These ten circumstances and situations are under your control. To make sure your good tenants want to stay in your rental property, it requires paying attention to your investments and what goes on there. It requires realizing that good tenants are your most important asset. It requires that you treat your good tenants the way they would like to be treated.

1. Good tenants hate being disturbed.

One of the reasons they are good tenants is that they are good neighbors, that they show consideration of the people who live around them. So when another tenant throws wild parties all night long, they hate it.

Other kinds of disturbances they hate would be the drug dealers next door, and the traffic, unsavory characters and bad behavior that goes along with dealing drugs. That kind of disturbance will get them to move as fast or faster than loud parties next door. In fact drug dealers in an apartment complex or even in the neighborhood tells them that the neighborhood is going downhill. Good tenants don't like to live in bad neighborhoods.

They hate it when landlords do things to disturb them, too. Any number of things would be possible irritants. It might be someone mowing the lawn at eight o'clock Saturday morning, just when they were looking forward to a quiet, peaceful breakfast on their balcony. It could be the leaf blower at about the same time on Sunday morning.

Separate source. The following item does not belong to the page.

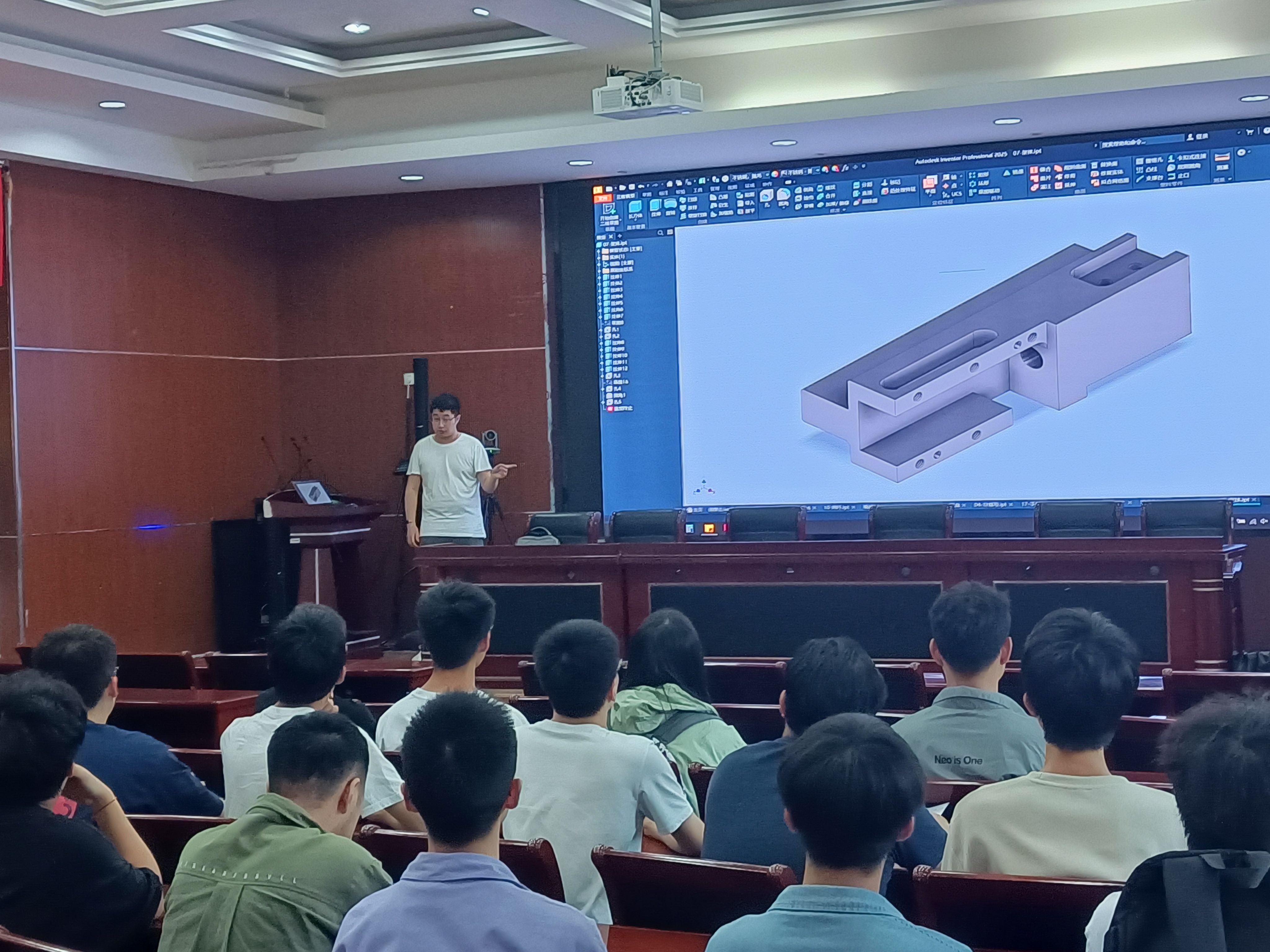 本次活动邀请了在全国老员工先进成图技术与产品信息建模创新大赛中获得个人一等奖的张嘉骏同学主讲,张嘉骏同学用风趣幽默的语言讲述了个人在建模过程中的经验技巧、遇到的挑战以及解决办法,并演示了一些操作技巧和快捷方式。

Good tenants hate having their lives disrupted by repairs, either in their units or in common areas. It's bad enough that road construction made it just about impossible for them to get to work that morning. But you expect rude, arrogant treatment from city crews and employees. But then you finally get home from work only to find that there is a huge trench across your parking space. Then, you have to walk all the way around the building just to get to your front door because everything is torn up.

As a landlord you have control over every one of these aggravating situations.

Immediately responding to noise complaints is essential. Tenants agreed when they signed the lease that they would not do things to disturb their neighbors. In fact you may even have specific rules in addition to the lease regarding noise. Enforce them.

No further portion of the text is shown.